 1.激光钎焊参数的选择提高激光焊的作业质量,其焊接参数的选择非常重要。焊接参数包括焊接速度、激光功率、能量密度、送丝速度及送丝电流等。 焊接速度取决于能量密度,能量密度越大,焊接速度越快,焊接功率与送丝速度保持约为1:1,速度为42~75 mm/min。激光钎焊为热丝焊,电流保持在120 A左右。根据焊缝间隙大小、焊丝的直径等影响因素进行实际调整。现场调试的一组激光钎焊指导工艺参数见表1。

--

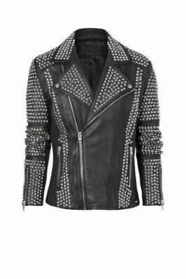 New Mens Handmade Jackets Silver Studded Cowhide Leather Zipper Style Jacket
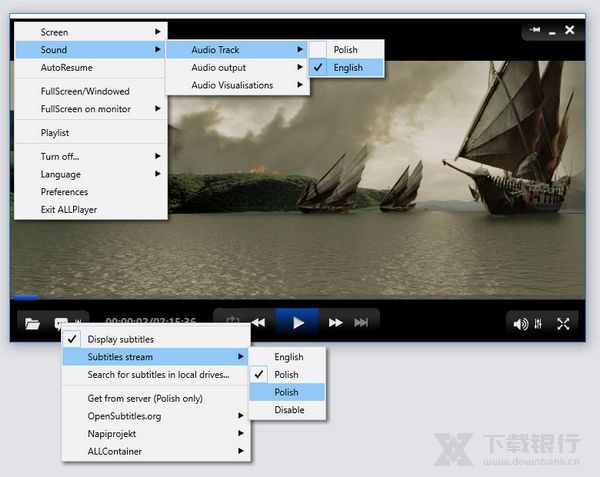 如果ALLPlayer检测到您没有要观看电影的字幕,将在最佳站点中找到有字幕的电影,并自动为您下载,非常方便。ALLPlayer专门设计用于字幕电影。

> [Task brief] Working from the entries above, please transcribe only the lines from the line with "New Mens Handmade" through the line with "如果ALLPlayer检测到", exactly, with both end lines and without pictures.

> [Response to this exercise]
 New Mens Handmade Jackets Silver Studded Cowhide Leather Zipper Style Jacket
 如果ALLPlayer检测到您没有要观看电影的字幕,将在最佳站点中找到有字幕的电影,并自动为您下载,非常方便。ALLPlayer专门设计用于字幕电影。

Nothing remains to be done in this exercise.